Rohit Aggarwal, Founder and Chief Investment Officer at Ro Fund Management, shared his outlook on the Indian equity market, highlighting that large-cap IT stocks are expected to recover but only after a few quarters. Meanwhile, small and midcap stocks may continue to outperform in the near future, supported by healthy earnings and sector-specific growth.
Speaking about the market environment in 2026, Aggarwal emphasized that Indian equities have shown resilience despite global uncertainties, particularly those related to geopolitical tensions and energy supply concerns. He remains optimistic about sectors such as energy, consumer discretionary, and pharmaceuticals, while advising caution in banking and financial services.
Understanding the Current Market Landscape
India’s stock market has been navigating a complex global backdrop marked by geopolitical conflicts and fluctuating energy prices. Despite these challenges, the domestic economy has demonstrated strength, supported by steady corporate earnings and ongoing capital investments. Investors are cautiously optimistic, assuming that a full-scale war scenario is unlikely and that energy supplies will remain stable.
Small and midcap companies have recently delivered strong earnings results, which has fueled expectations that these segments could continue to outperform larger companies in the coming quarters. However, Aggarwal advises investors to be selective, as not all companies within these categories will perform equally well.
Key Market Insights and Sector Focus
- Large-cap IT companies have lagged behind global tech leaders, primarily because they focus on service-based models rather than innovative platforms or products.
- These IT firms are cash-rich with strong management, and future growth may come from strategic acquisitions in the US and Europe to enhance AI and digital capabilities.
- The recovery for large-cap IT is expected to take several quarters due to the need for greater earnings visibility.
- Energy, consumer discretionary, and pharmaceutical sectors are currently favored for their long-term growth potential.
- Banking and financial services are expected to perform in line with market expectations but may remain subdued.
- Infrastructure and manufacturing sectors are gaining attention, with significant capital expenditure underway that could drive growth in the next few years.
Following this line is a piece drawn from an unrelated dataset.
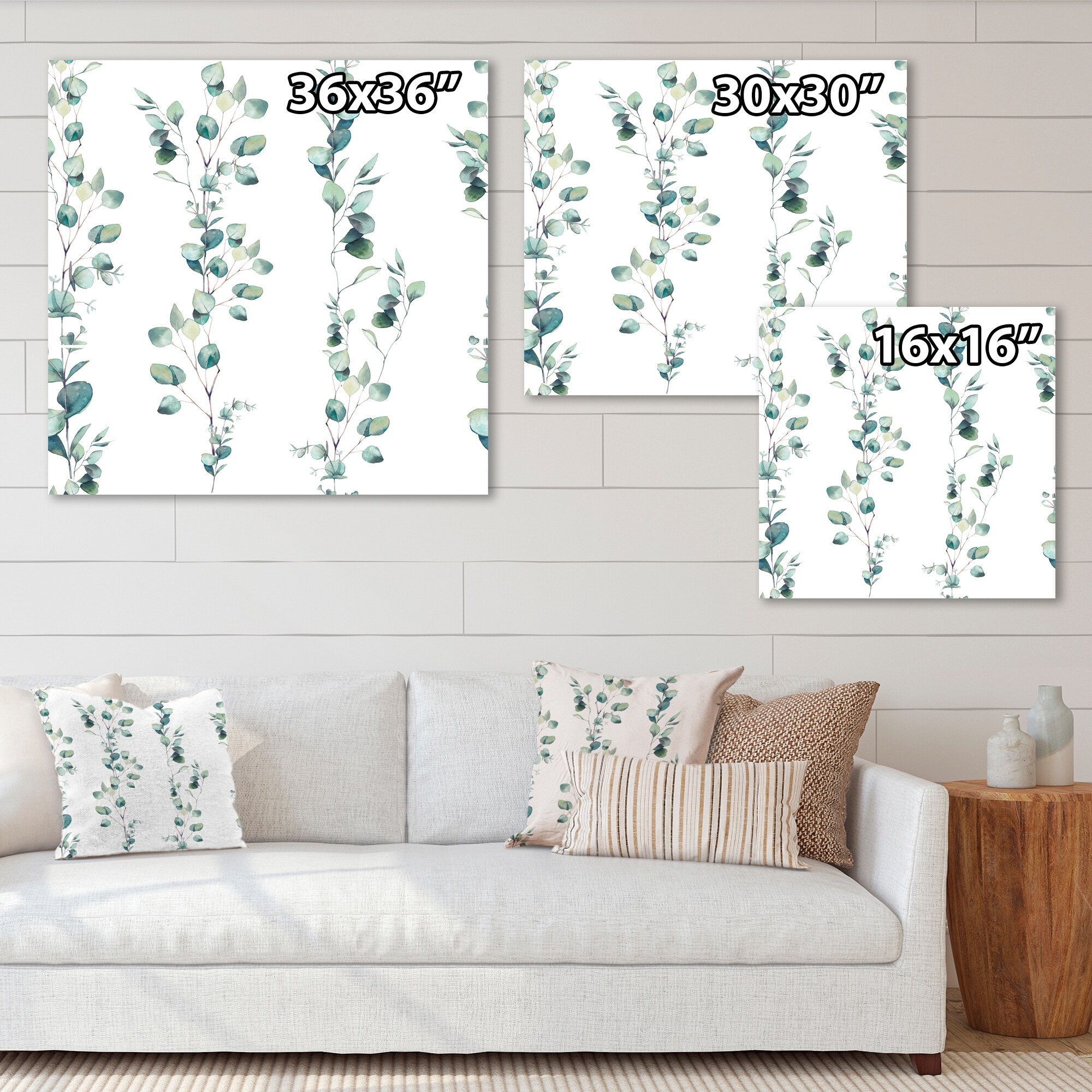 Designart "Eucalyptus Branches on White II" Tropical Canvas Wall Art Print

Why Large-Cap IT’s Slow Recovery Matters
The slow rebound of large-cap IT stocks reflects broader shifts in the global technology landscape. Unlike global leaders who are rapidly advancing in artificial intelligence and next-generation technologies, many Indian IT giants have yet to pivot fully toward these innovations. This gap has affected their market performance.
However, their strong financial position and experienced leadership suggest they are well-positioned to adapt. Aggarwal expects these companies to pursue acquisitions that will boost their technological capabilities, particularly in AI, which could eventually restore investor confidence and drive growth.
Meanwhile, the ongoing focus on infrastructure and manufacturing aligns with India’s broader economic goals, including self-reliance and energy transition. These sectors are likely to benefit from government initiatives and increased capital spending, offering new opportunities for investors.
Frequently Asked Questions
Q: Why are large-cap IT stocks recovering slowly?
A: Large-cap IT companies have primarily operated as service providers rather than innovators in emerging technologies like AI, which has slowed their growth compared to global peers. Their recovery depends on strategic acquisitions and innovation cycles that may take several quarters.
Q: Which sectors are expected to perform well in the near term?
A: Energy, consumer discretionary, pharmaceuticals, infrastructure, and manufacturing sectors are expected to show strong growth due to healthy earnings, capital investments, and favorable macroeconomic trends.
Q: Should investors focus on small and midcap stocks now?
A: Small and midcap stocks have shown strong earnings momentum and could continue to outperform. However, investors should be selective, as performance can vary widely among companies within these segments.